6 min Spurs seem to be playing more of a 3-3-3-1 formation, with Dier just in front of the three defenders and Sissoko, Eriksen and Alli playing behind Kane. Tactics are so damn hot right now.
5 min Arnautovic beats Alderweireld with a stepover on the left side of the box and drives a dangerous low cross that is cleared from inside the six-yard box by the stretching Sanchez.
3 min Spurs have started confidently, with some smooth passing in the West Ham half. Alli plays a through pass round the corner to himself, in a manner that evokes Dimitar Berbatov’s awesome goal against Charlton all those years ago, and Cresswell comes across to cover.
1 min Spurs kick off, from right to left as I look at my 23-inch HD TV screen. They are in white; West Ham are wearing claret and blue.
Opta stats show that West Ham fans are precisely 0.00 per cent enamoured of Tottenham Hotspur, and there’s a decent atmosphere at the London Stadium as a consequence.

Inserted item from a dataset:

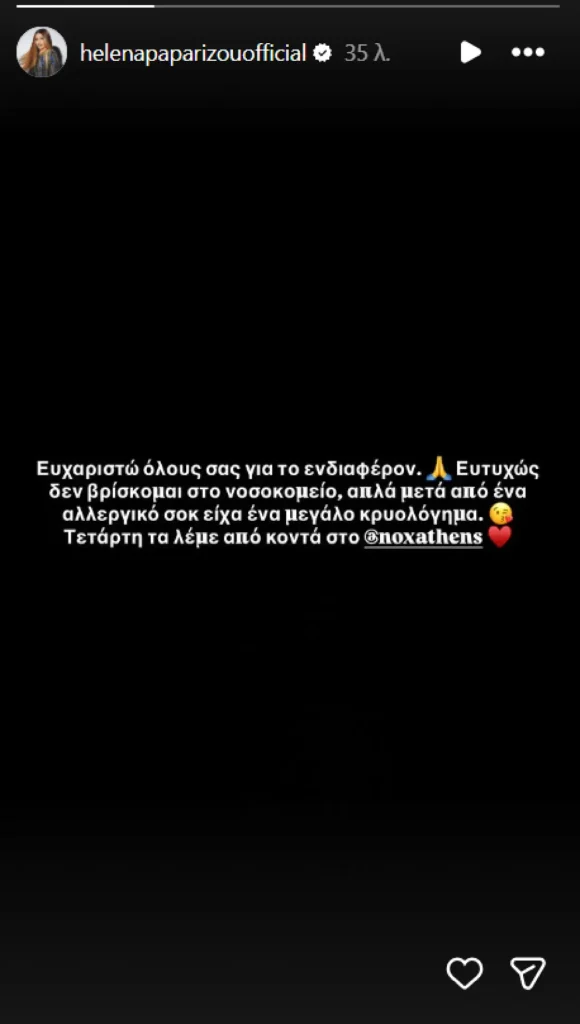 «Ευχαριστώ όλους σας για το ενδιαφέρον. Ευτυχώς δεν βρίσκομαι στο νοσοκομείο. Απλά μετά από ένα αλλεργικό σοκ είχα ένα μεγάλο κρυολόγημα. Τετάρτη τα λέμε από κοντά στο Nox» γράφει χαρακτηριστικά η Έλενα Παπαρίζου στην ανάρτησή της στα social media, καθησυχάζοντας τους fans της.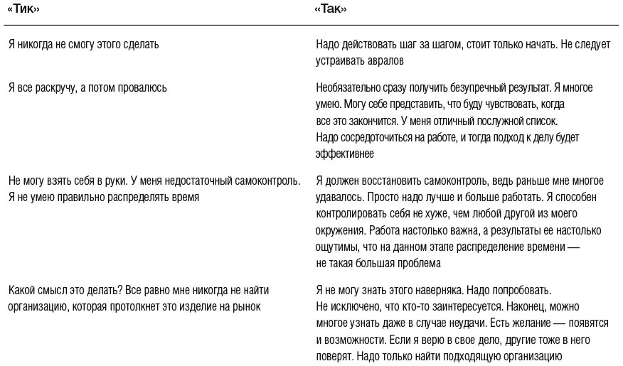 «ТИК-ТАК»Это очень действенное упражнение, базирующееся на работах Прескотта Лекки. Оно помогает преодолеть страх, сомнения и неуверенность. Вам предлагается записывать свои страхи, открыто противостоять им и заменять их на позитивные мысли, которые помогут добиться успеха.

“It might indeed get nawty – which, naturally, turned my thoughts to Danny Dyer,” writes Gary Naylor. “Twelve years ago, he was brilliant in The Business, a film that more pseudo-highbrows than just me treasure as a guilty pleasure. So, betting without Wilson Phillips and the OC, what’s yours Rob?”
Good question, Gartholomew. Does Masterchef count? When I was a twentysomething kid my guiltiest cinematic pleasures were crap postmodern slashers and the American Pie films, though I reckon I could still go into bat for the American Pies. The slashers, not so much.
This isn’t the only early kick-off today. The Old Firm derby is taking place at Ibrox, and you can follow that with Barry Glendenning.
West Ham (3-4-3) Hart; Fonte, Reid, Ogbonna; Zabaleta, Kouyate, Noble, Cresswell; Antonio, Chicharito, Arnautovic.
Substitutes: Adrian, Masuaku, Byram, Rice, Ayew, Carroll, Sakho.
Spurs (3-4-2-1) Lloris; Alderweireld, Sanchez, Vertonghen; Aurier, Sissoko, Dier, Davies; Eriksen, Alli; Kane.
Substitutes: Vorm, Trippier, Walker-Peters, Winks, Nkoudou, Son, Llorente.
Hello and welcome to live coverage of the lunchtime meeting between the homesick henries of the Premier League. Spurs have away advantage against West Ham, and really need a win to keep the Mancunian pacemakers within sight. The next few weeks are likely to determine whether Spurs will challenge for the title again, or whether this will become a bit of a lost season in which they end up focussing on the cups.
West Ham have started to pick up after a difficult start to the season, though Slaven Bilic still has reason to look over his shoulder. And he keeps having those weird dreams about Rafa Benitez and Anne Boleyn. Both sides need a result, they don’t like each other, and Tottenham want to avenge the May defeat that ended their title challenge. It should be lively, it might be nawty; it kicks off at 12.30pm.